How to complete this task: The following entries are to be repeated exactly, and the pictures are to be left behind.

Excerpts from a dataset
▼

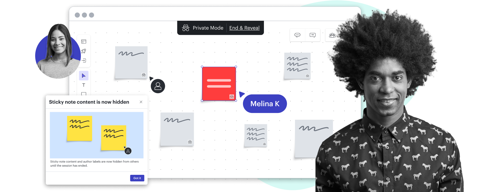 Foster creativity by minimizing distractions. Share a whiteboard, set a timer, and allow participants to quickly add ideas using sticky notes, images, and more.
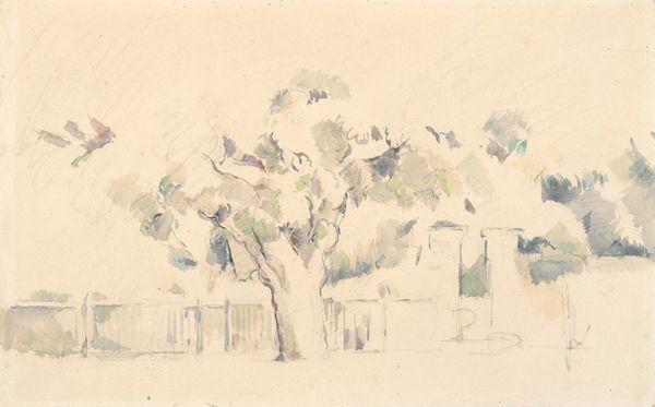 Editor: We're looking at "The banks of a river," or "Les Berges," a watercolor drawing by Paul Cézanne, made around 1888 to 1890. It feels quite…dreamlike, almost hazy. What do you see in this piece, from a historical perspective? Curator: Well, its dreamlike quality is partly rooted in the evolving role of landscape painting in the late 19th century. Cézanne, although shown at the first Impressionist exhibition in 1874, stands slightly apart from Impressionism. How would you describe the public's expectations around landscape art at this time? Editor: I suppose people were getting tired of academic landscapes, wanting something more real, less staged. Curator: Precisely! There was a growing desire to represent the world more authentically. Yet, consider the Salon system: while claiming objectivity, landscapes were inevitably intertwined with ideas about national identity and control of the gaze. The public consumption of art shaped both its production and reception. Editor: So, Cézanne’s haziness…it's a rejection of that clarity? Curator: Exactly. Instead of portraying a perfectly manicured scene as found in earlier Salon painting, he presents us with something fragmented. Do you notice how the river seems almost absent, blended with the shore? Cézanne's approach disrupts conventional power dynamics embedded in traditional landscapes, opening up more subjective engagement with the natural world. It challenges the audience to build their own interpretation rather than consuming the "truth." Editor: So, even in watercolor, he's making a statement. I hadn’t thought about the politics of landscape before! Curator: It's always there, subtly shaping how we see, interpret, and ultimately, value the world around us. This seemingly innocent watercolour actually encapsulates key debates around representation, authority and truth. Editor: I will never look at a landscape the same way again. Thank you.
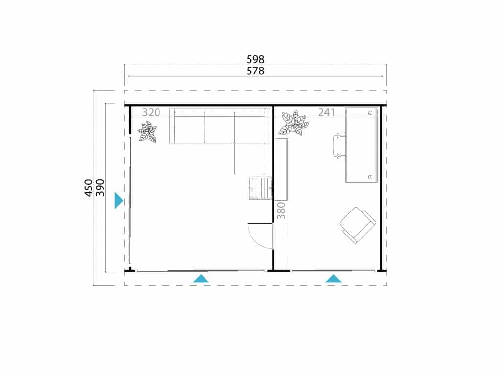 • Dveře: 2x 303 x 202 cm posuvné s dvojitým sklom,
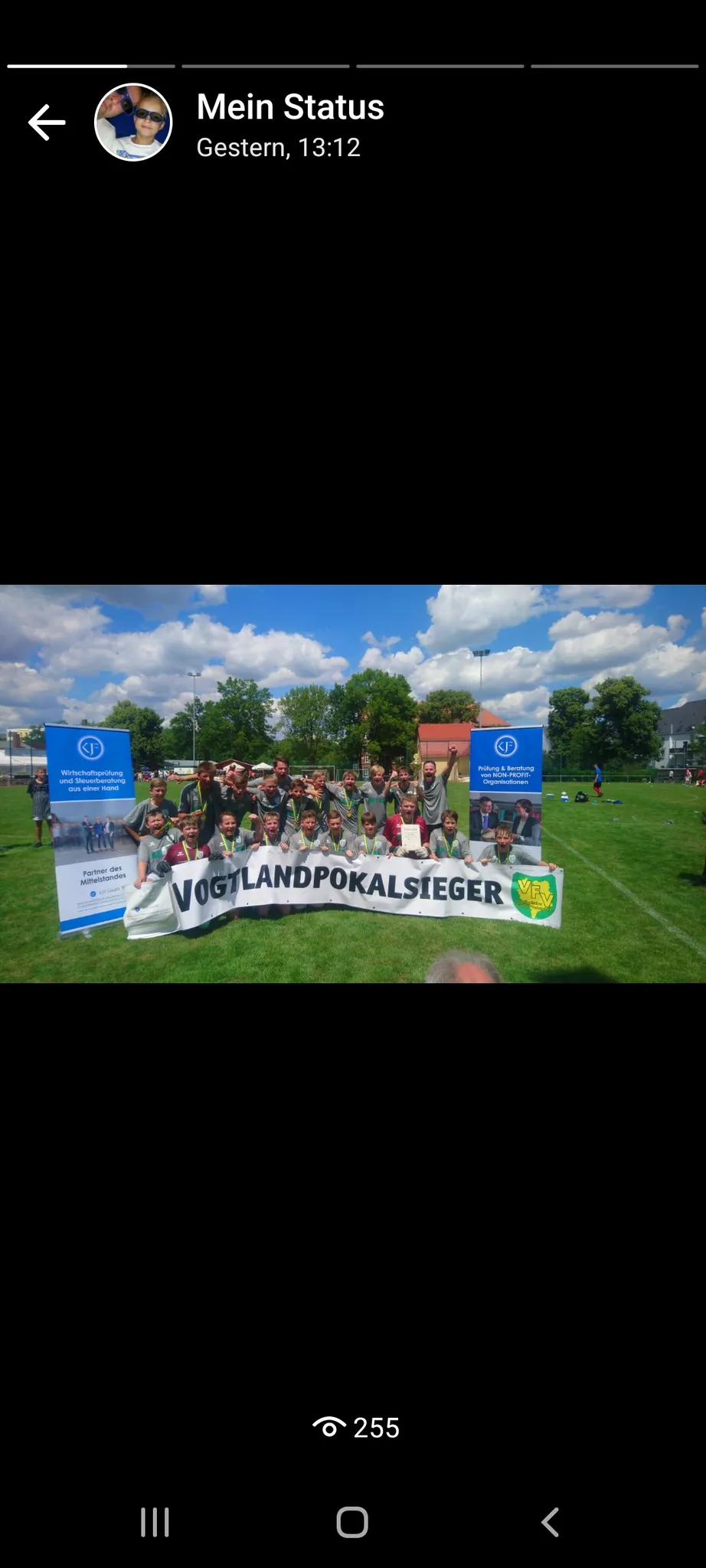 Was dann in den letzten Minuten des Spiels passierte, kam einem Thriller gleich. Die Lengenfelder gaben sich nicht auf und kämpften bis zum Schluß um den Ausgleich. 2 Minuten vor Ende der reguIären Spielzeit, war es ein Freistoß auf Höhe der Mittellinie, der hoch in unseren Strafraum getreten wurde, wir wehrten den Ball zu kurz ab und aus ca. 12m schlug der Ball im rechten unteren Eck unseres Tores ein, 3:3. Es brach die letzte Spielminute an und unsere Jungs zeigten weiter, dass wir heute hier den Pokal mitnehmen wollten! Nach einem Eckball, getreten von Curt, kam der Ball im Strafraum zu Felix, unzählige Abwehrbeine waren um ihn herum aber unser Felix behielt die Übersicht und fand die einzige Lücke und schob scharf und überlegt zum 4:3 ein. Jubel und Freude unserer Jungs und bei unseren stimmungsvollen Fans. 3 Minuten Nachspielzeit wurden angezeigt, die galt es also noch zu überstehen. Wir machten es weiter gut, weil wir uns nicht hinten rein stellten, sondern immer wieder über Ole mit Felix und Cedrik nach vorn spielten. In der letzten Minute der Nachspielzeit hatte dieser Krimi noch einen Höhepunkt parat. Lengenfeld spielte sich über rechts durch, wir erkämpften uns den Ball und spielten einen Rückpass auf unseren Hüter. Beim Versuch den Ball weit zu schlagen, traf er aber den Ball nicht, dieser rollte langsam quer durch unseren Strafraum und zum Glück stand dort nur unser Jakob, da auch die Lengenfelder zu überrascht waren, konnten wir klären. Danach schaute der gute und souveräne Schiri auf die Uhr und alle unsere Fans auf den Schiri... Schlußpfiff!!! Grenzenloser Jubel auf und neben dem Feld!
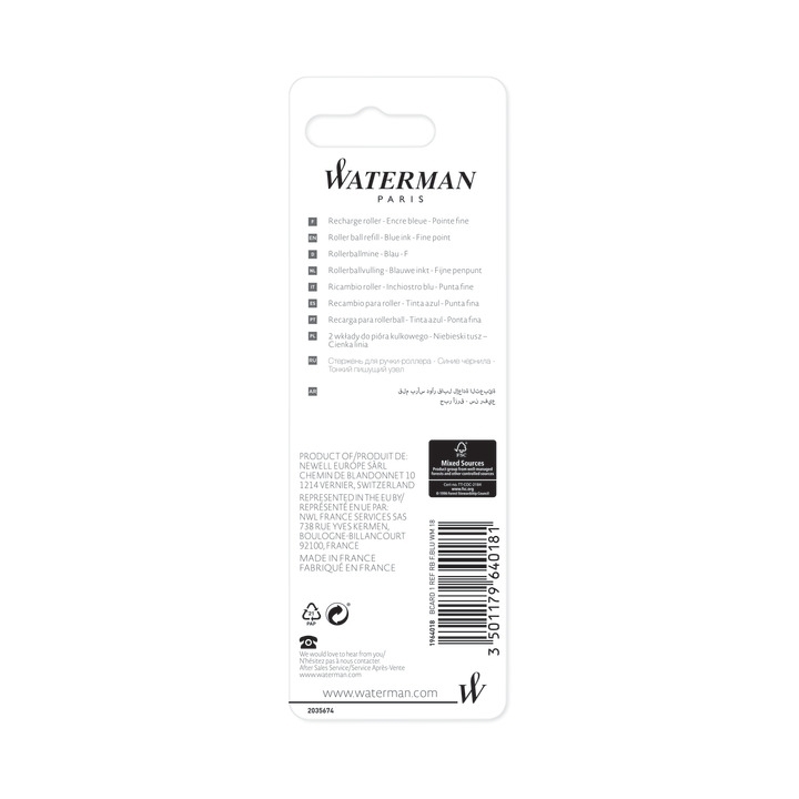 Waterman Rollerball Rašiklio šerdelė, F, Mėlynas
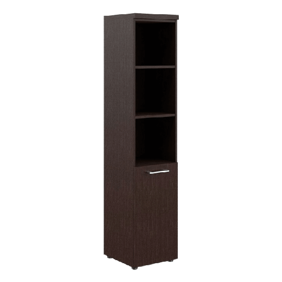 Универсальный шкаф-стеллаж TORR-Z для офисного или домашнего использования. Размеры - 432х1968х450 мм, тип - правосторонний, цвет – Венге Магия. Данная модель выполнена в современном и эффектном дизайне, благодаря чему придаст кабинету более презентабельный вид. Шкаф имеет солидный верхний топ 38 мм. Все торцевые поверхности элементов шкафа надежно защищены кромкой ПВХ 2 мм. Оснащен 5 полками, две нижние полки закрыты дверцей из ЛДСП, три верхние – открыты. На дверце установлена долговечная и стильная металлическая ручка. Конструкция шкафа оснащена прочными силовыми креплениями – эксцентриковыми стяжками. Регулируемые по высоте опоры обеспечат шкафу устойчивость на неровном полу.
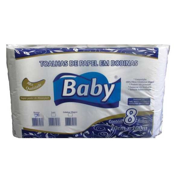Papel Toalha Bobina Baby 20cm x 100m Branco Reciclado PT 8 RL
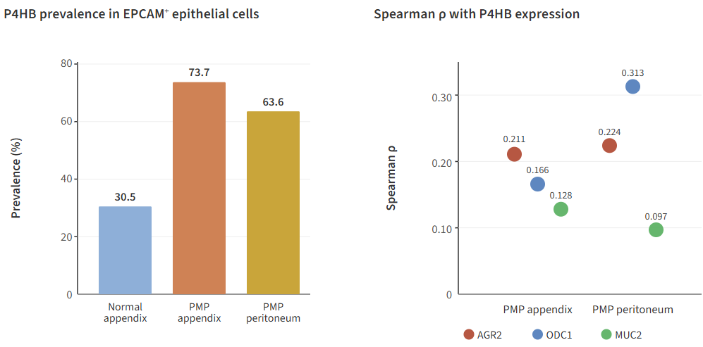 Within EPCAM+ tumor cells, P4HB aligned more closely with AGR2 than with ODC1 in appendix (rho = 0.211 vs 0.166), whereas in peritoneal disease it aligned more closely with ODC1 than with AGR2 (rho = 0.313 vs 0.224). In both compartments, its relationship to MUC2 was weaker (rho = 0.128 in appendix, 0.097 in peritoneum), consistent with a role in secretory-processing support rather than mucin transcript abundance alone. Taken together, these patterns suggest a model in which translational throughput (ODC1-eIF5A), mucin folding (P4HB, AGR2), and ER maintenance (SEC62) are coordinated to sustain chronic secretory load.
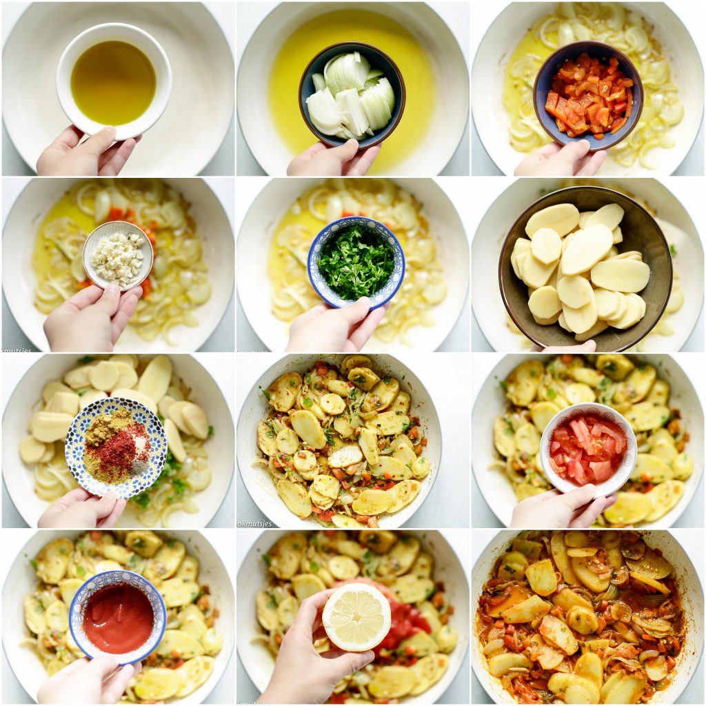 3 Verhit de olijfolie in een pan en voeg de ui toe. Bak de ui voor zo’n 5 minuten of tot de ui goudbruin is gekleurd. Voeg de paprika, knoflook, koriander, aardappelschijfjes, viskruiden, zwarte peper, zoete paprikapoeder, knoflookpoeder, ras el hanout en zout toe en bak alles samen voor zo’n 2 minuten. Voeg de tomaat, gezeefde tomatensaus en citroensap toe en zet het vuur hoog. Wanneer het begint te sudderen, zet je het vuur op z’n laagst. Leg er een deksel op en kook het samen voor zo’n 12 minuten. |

▲

Result of the task:
 Foster creativity by minimizing distractions. Share a whiteboard, set a timer, and allow participants to quickly add ideas using sticky notes, images, and more.
 Editor: We're looking at "The banks of a river," or "Les Berges," a watercolor drawing by Paul Cézanne, made around 1888 to 1890. It feels quite…dreamlike, almost hazy. What do you see in this piece, from a historical perspective? Curator: Well, its dreamlike quality is partly rooted in the evolving role of landscape painting in the late 19th century. Cézanne, although shown at the first Impressionist exhibition in 1874, stands slightly apart from Impressionism. How would you describe the public's expectations around landscape art at this time? Editor: I suppose people were getting tired of academic landscapes, wanting something more real, less staged. Curator: Precisely! There was a growing desire to represent the world more authentically. Yet, consider the Salon system: while claiming objectivity, landscapes were inevitably intertwined with ideas about national identity and control of the gaze. The public consumption of art shaped both its production and reception. Editor: So, Cézanne’s haziness…it's a rejection of that clarity? Curator: Exactly. Instead of portraying a perfectly manicured scene as found in earlier Salon painting, he presents us with something fragmented. Do you notice how the river seems almost absent, blended with the shore? Cézanne's approach disrupts conventional power dynamics embedded in traditional landscapes, opening up more subjective engagement with the natural world. It challenges the audience to build their own interpretation rather than consuming the "truth." Editor: So, even in watercolor, he's making a statement. I hadn’t thought about the politics of landscape before! Curator: It's always there, subtly shaping how we see, interpret, and ultimately, value the world around us. This seemingly innocent watercolour actually encapsulates key debates around representation, authority and truth. Editor: I will never look at a landscape the same way again. Thank you.
 • Dveře: 2x 303 x 202 cm posuvné s dvojitým sklom,
 Was dann in den letzten Minuten des Spiels passierte, kam einem Thriller gleich. Die Lengenfelder gaben sich nicht auf und kämpften bis zum Schluß um den Ausgleich. 2 Minuten vor Ende der reguIären Spielzeit, war es ein Freistoß auf Höhe der Mittellinie, der hoch in unseren Strafraum getreten wurde, wir wehrten den Ball zu kurz ab und aus ca. 12m schlug der Ball im rechten unteren Eck unseres Tores ein, 3:3. Es brach die letzte Spielminute an und unsere Jungs zeigten weiter, dass wir heute hier den Pokal mitnehmen wollten! Nach einem Eckball, getreten von Curt, kam der Ball im Strafraum zu Felix, unzählige Abwehrbeine waren um ihn herum aber unser Felix behielt die Übersicht und fand die einzige Lücke und schob scharf und überlegt zum 4:3 ein. Jubel und Freude unserer Jungs und bei unseren stimmungsvollen Fans. 3 Minuten Nachspielzeit wurden angezeigt, die galt es also noch zu überstehen. Wir machten es weiter gut, weil wir uns nicht hinten rein stellten, sondern immer wieder über Ole mit Felix und Cedrik nach vorn spielten. In der letzten Minute der Nachspielzeit hatte dieser Krimi noch einen Höhepunkt parat. Lengenfeld spielte sich über rechts durch, wir erkämpften uns den Ball und spielten einen Rückpass auf unseren Hüter. Beim Versuch den Ball weit zu schlagen, traf er aber den Ball nicht, dieser rollte langsam quer durch unseren Strafraum und zum Glück stand dort nur unser Jakob, da auch die Lengenfelder zu überrascht waren, konnten wir klären. Danach schaute der gute und souveräne Schiri auf die Uhr und alle unsere Fans auf den Schiri... Schlußpfiff!!! Grenzenloser Jubel auf und neben dem Feld!
 Waterman Rollerball Rašiklio šerdelė, F, Mėlynas
 Универсальный шкаф-стеллаж TORR-Z для офисного или домашнего использования. Размеры - 432х1968х450 мм, тип - правосторонний, цвет – Венге Магия. Данная модель выполнена в современном и эффектном дизайне, благодаря чему придаст кабинету более презентабельный вид. Шкаф имеет солидный верхний топ 38 мм. Все торцевые поверхности элементов шкафа надежно защищены кромкой ПВХ 2 мм. Оснащен 5 полками, две нижние полки закрыты дверцей из ЛДСП, три верхние – открыты. На дверце установлена долговечная и стильная металлическая ручка. Конструкция шкафа оснащена прочными силовыми креплениями – эксцентриковыми стяжками. Регулируемые по высоте опоры обеспечат шкафу устойчивость на неровном полу.
Papel Toalha Bobina Baby 20cm x 100m Branco Reciclado PT 8 RL
 Within EPCAM+ tumor cells, P4HB aligned more closely with AGR2 than with ODC1 in appendix (rho = 0.211 vs 0.166), whereas in peritoneal disease it aligned more closely with ODC1 than with AGR2 (rho = 0.313 vs 0.224). In both compartments, its relationship to MUC2 was weaker (rho = 0.128 in appendix, 0.097 in peritoneum), consistent with a role in secretory-processing support rather than mucin transcript abundance alone. Taken together, these patterns suggest a model in which translational throughput (ODC1-eIF5A), mucin folding (P4HB, AGR2), and ER maintenance (SEC62) are coordinated to sustain chronic secretory load.
 3 Verhit de olijfolie in een pan en voeg de ui toe. Bak de ui voor zo’n 5 minuten of tot de ui goudbruin is gekleurd. Voeg de paprika, knoflook, koriander, aardappelschijfjes, viskruiden, zwarte peper, zoete paprikapoeder, knoflookpoeder, ras el hanout en zout toe en bak alles samen voor zo’n 2 minuten. Voeg de tomaat, gezeefde tomatensaus en citroensap toe en zet het vuur hoog. Wanneer het begint te sudderen, zet je het vuur op z’n laagst. Leg er een deksel op en kook het samen voor zo’n 12 minuten. |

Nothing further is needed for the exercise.